La sangre caliente empapó rápidamente mi ropa, un escalofriante recordatorio de mi determinación.
Los tres príncipes me miraron fijamente, con el horror grabado en sus rostros, mientras observaban impotentes, con los ojos oscurecidos por la preocupación, cómo la sangre seguía brotando de mi herida.
Bryan se abalanzó hacia delante, con pánico en su voz. «¡Baja la daga, te llevaremos al hospital!».
«¡Te desangrarás si sigues así!». La voz de Dominic, normalmente firme, se quebró, invadida por el miedo. «No te presionaremos más, lo juro».
Clayton tenía los ojos muy abiertos por la desesperación y la voz temblorosa. «¡Makenna, por favor! Baja la daga. Cumpliremos nuestra promesa. Los dejaremos ir».
Luché contra el mareo, mi visión se nublaba a medida que la sangre se acumulaba en mi interior, pero me esforcé por concentrarme en ellos. «Dejadlos ir primero; entonces bajaré la daga…».
Los tres príncipes intercambiaron una mirada silenciosa, el peso del momento flotaba en el aire y, con evidente renuencia, finalmente asintieron con la cabeza en señal de acuerdo.

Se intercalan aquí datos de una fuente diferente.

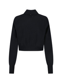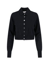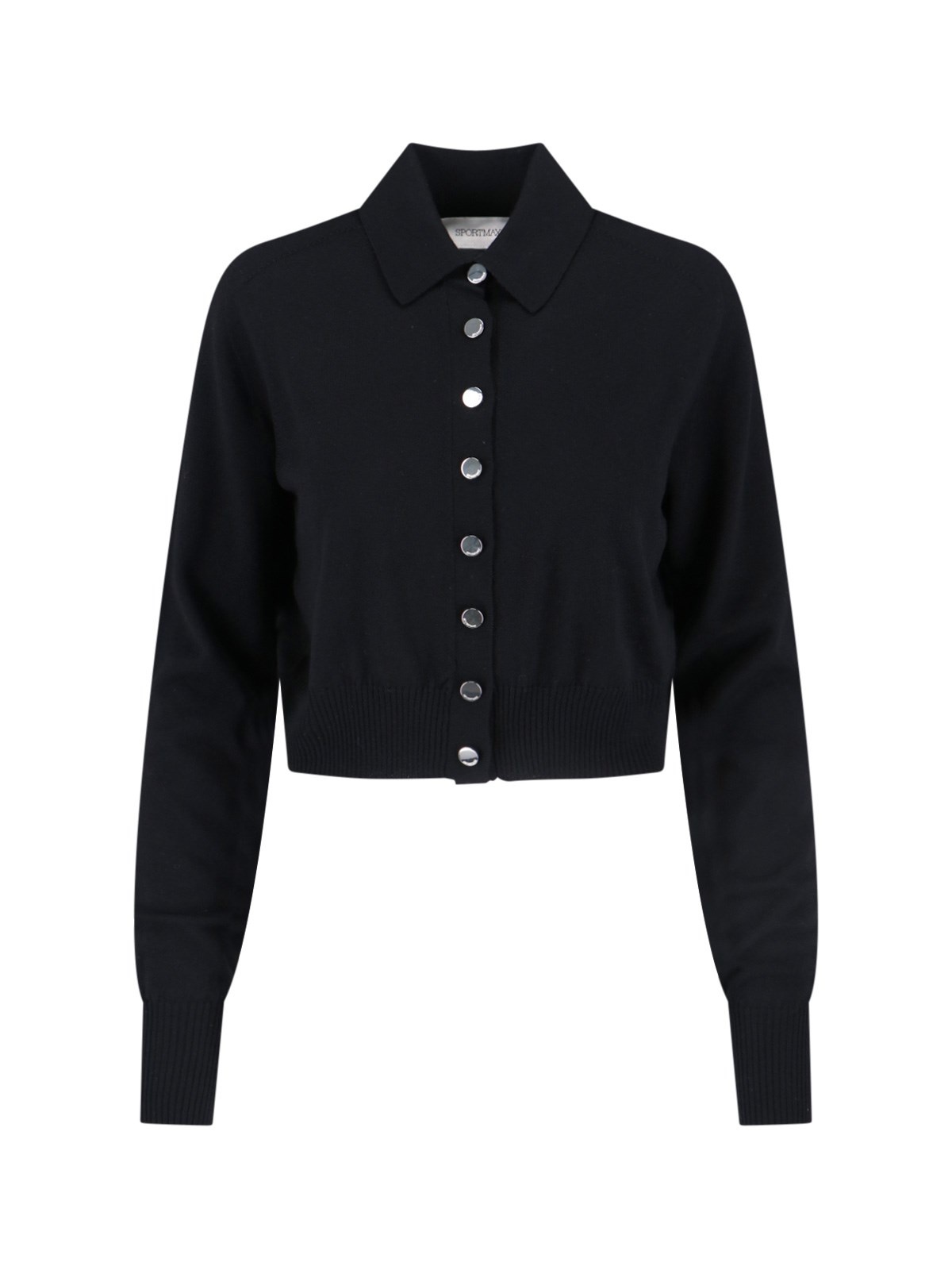 SPORTMAX BLACK VIRGIN WOOL CARDIGAN WITH CLASSIC COLLAR, BUTTON CLOSURE, BACK LOGO CHARM, RIBBED TRIMS, STRAIGHT HEM. PRODUCT INFO PRODUCT CODE 2522346011600001 COMPOSITION: 100% VIRGIN WOOL SIZE AND FIT: REGULAR FIT MADE IN: ROMANIA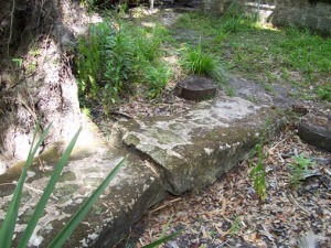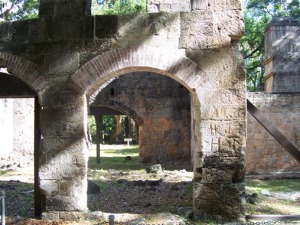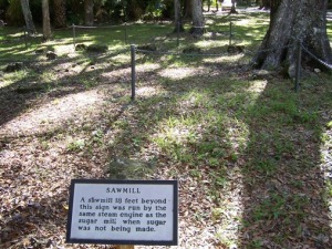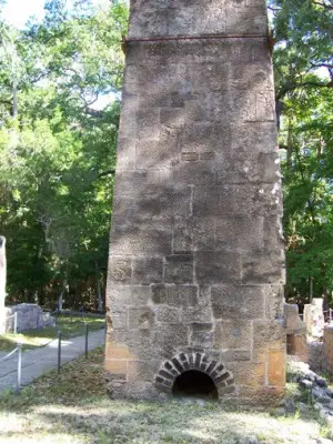 Plantation town. REMAINS: Sugar Mill's two story stone walls. Stones left from the mansion. A marker signifying the area of the forty slave cabins. Boat slips. Many Bulow liquor bottles are on display in the museum.. |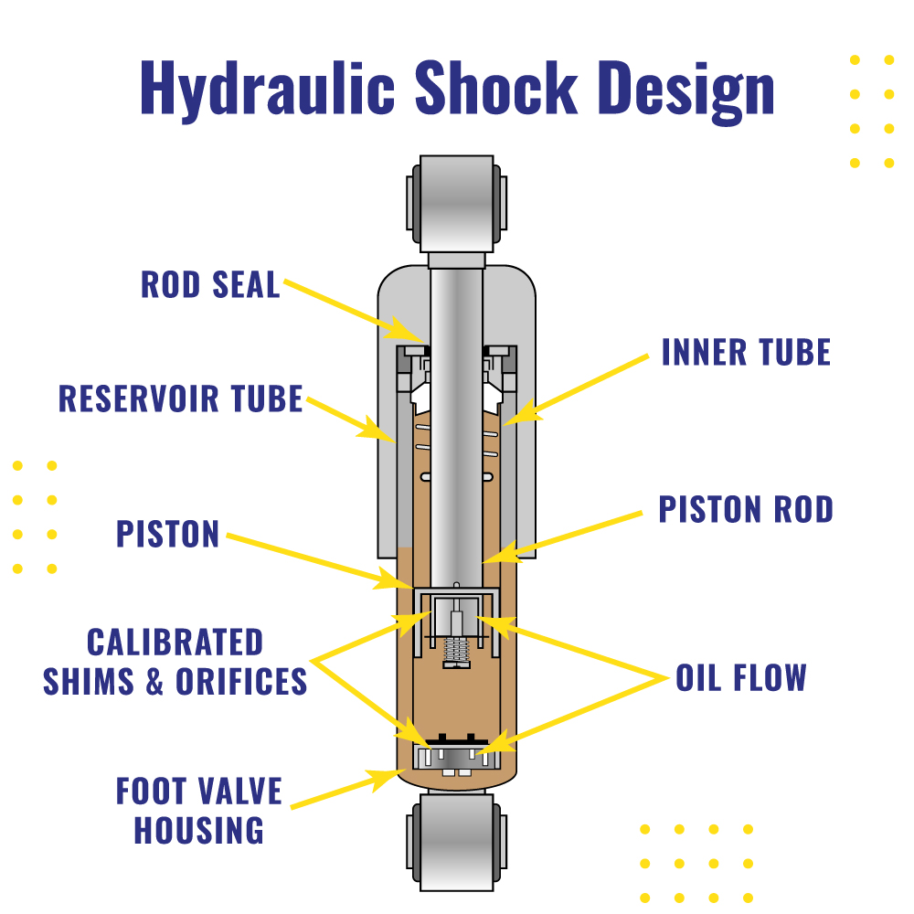 Often considered a basic form of twin-tube, hydraulic shocks use oil only (no gas charge) to dampen suspension movement.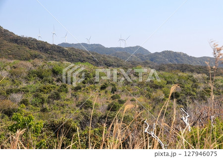 伊豆半島・南伊豆・奥石廊、池の原と呼ばれる丘の上にあるユウスゲ公園の遊歩道・静岡県南伊豆町
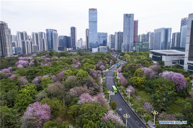 Aerial photo taken on April 12, 2019 shows Bauhinia flowers blooming at the Hedong Park in Liuzhou City, south China's Guangxi Zhuang Autonomous Region. [Photo by Li Bin/Xinhua]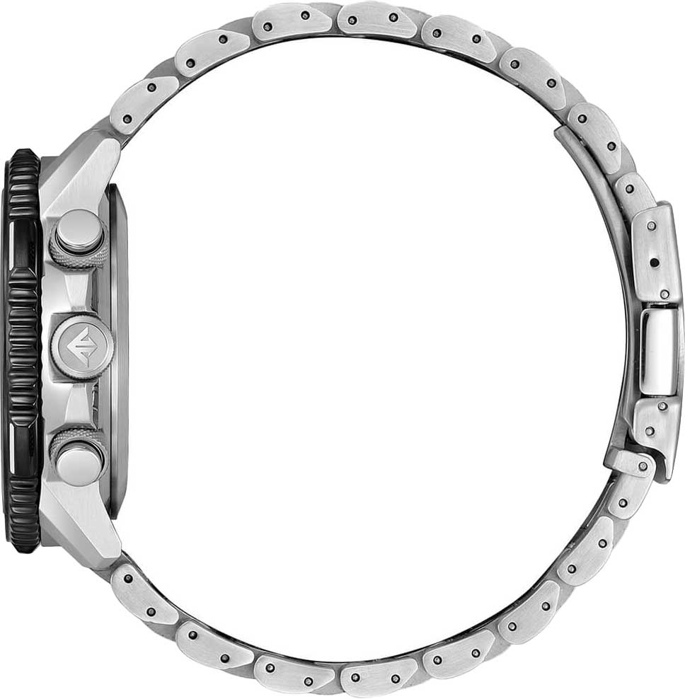 Citizen Promaster JY8086-89X часы-хронографХронографФункция позволяет измерять отрезки времени с особой точностью: часы, минуты, секунды. Верным признаком хронографа является наличие на циферблате 3 дополнительных окошек-счётчиков. с секундомеромСекундомерСекундоме́р — прибор, способный измерять интервалы времени с точностью до долей секунды. спортивного дизайна с высоким уровнем водозащиты. Корпус из нержавеющей стали диаметром 45,4 мм идеально сбалансирован. Сапфировое стеклоСапфировое стеклоПрочный и надёжный материал из кристалла сапфира синтетического происхождения, характеризующийся особой твёрдостью и устойчивостью к царапинам и повреждениям. с антибликовым покрытием обеспечивает отличную защиту циферблата от царапин. Часы работают на основе кварцевого механизма, питание от солнечной энергии. Стальной браслет на раскладной застёжкеРаскладная застёжкаТакой тип застёжки используется только на браслетах из металла. Она никогда не раскрывается полностью, происходит разделение на 2 и более частей. Раскладывающая застёжка снизит вероятность потери часов к минимуму. идеально дополняют дизайн часов, обеспечивая комфортное ношение. Стрелки и метки на циферблате имеют люминесцентное покрытиеЛюминесцентное покрытиеПозволяет считывать показания времени в темноте. Производители наносят на стрелки, часовые индексы, безель или поверхность циферблата светонакопительный состав, дающий холодное свечение. позволяющее легко определять время даже в темноте. Поворотный безельБезельВнешний ободок, закрепляющий стекло. В спортивных часах так называется поворотное кольцо с делениями на циферблате, выполняет роль таймера – замеряет отрезки времени на шкале. Неподвижный безель – элемент декора. Однонаправленно вращающийся безель на дайверских часах позволяет фиксировать моменты погружения и выныривания на поверхность. с IP-покрытиемIP-покрытиеМетод ионного напыления. Демонстрирует повышенную устойчивость к истиранию, окислению и химическим веществам. Под воздействием высокого давления и температуры около 1500°C молекулы металла надёжно соединяются с частицами корпуса часов.. Автоматический прием сигналов от радиовышек, расположенных в различных точках земного шара, которые передают временные сигналы от определенных атомных часов. Коррекция текущего времени радиосигналом на территории почти всей Европы, США, Японии и Китая. Функция индикации заряда (EOL) и предотвращения перезарядки. Мировое времяМировое время Полезное часовое усложнение, отображающее время в основных городах и известных областях по всему миру, оно связано с часовыми поясами, удобно для путешественников и бизнесменов. - 43 города (29 часовых поясов), переход на зимнее и летнее время. Всемирное координированное время UTCUTCВсемирное кординационное время, не имеющее привязки к географическому положению Гринвича, основывается на атомном отсчёте времени. Регулировка времени осуществляется более точно, чем устаревшее GMT.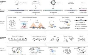 Transposable elements play a significant role in regulating gene expression and genome architecture, influencing development, immunity, aging, and disease progression. A study from researchers in China reviews these elements' molecular mechanisms and clinical implications, highlighting their potential as biomarkers and therapeutic targets for conditions like cancer, neurodegenerative, and autoimmune diseases. This research opens pathways for personalized medicine by targeting disease-specific transposable element signatures.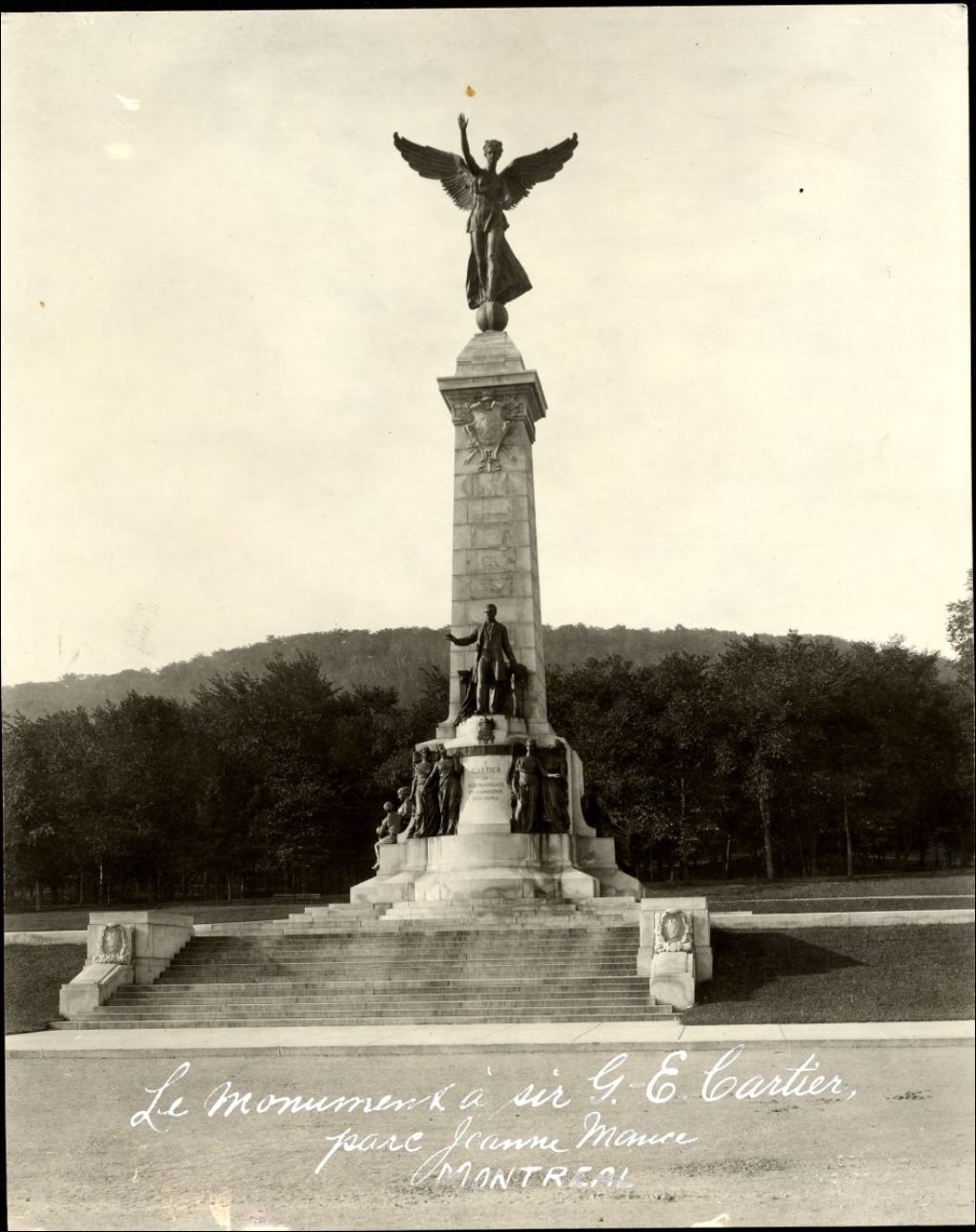 Monument de Sir Georges-Étienne Cartier au parc Jeanne-Mance à Montréal, [vers 1923], Archives nationales à Québec, Collection Centre d'archives de Québec, (03Q,P1000,S4,D19,P69), Notman.

Bryan hizo una señal a los soldados y, con voz firme, ordenó: «¡Dejadlos ir!».
«¡No, Makenna, no nos iremos a menos que vengas con nosotros!». La voz de Grace resonó, inflexible, con la mirada fija en mí, negándose a moverse.
Jett se quedó quieto, con una postura inquebrantable, sin querer irse sin mí.
Mi corazón se aceleró con un miedo creciente, mi cuerpo al borde del colapso por la pérdida de sangre. Reuní hasta la última gota de fuerza y les insté: «¡Id rápido! ¡No dejéis que mi sacrificio sea en vano, por favor!».